Repeat all of the data below word for word, keeping no images.

(Dataset section)
___

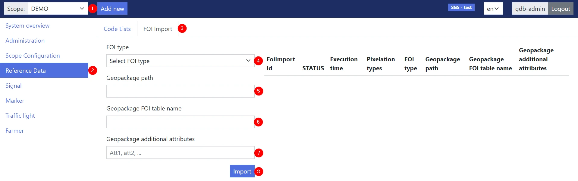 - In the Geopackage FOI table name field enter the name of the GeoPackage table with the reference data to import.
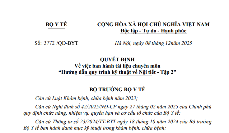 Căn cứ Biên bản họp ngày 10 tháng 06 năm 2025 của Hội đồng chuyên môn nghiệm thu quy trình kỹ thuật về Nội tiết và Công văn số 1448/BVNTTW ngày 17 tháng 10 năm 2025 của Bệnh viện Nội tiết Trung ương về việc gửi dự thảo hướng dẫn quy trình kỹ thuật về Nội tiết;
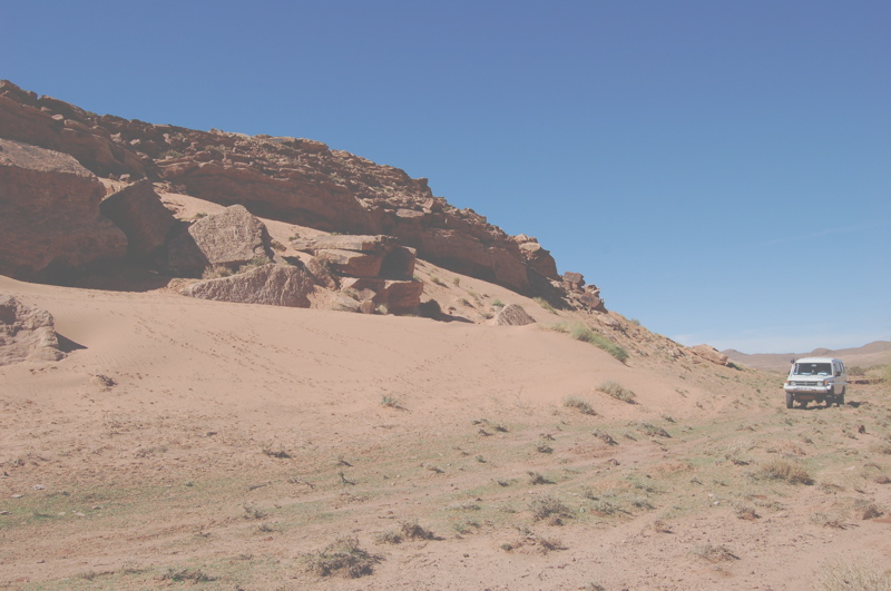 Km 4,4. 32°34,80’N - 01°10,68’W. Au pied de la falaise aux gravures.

___

(Worked solution)
 - In the Geopackage FOI table name field enter the name of the GeoPackage table with the reference data to import.
 Căn cứ Biên bản họp ngày 10 tháng 06 năm 2025 của Hội đồng chuyên môn nghiệm thu quy trình kỹ thuật về Nội tiết và Công văn số 1448/BVNTTW ngày 17 tháng 10 năm 2025 của Bệnh viện Nội tiết Trung ương về việc gửi dự thảo hướng dẫn quy trình kỹ thuật về Nội tiết;
 Km 4,4. 32°34,80’N - 01°10,68’W. Au pied de la falaise aux gravures.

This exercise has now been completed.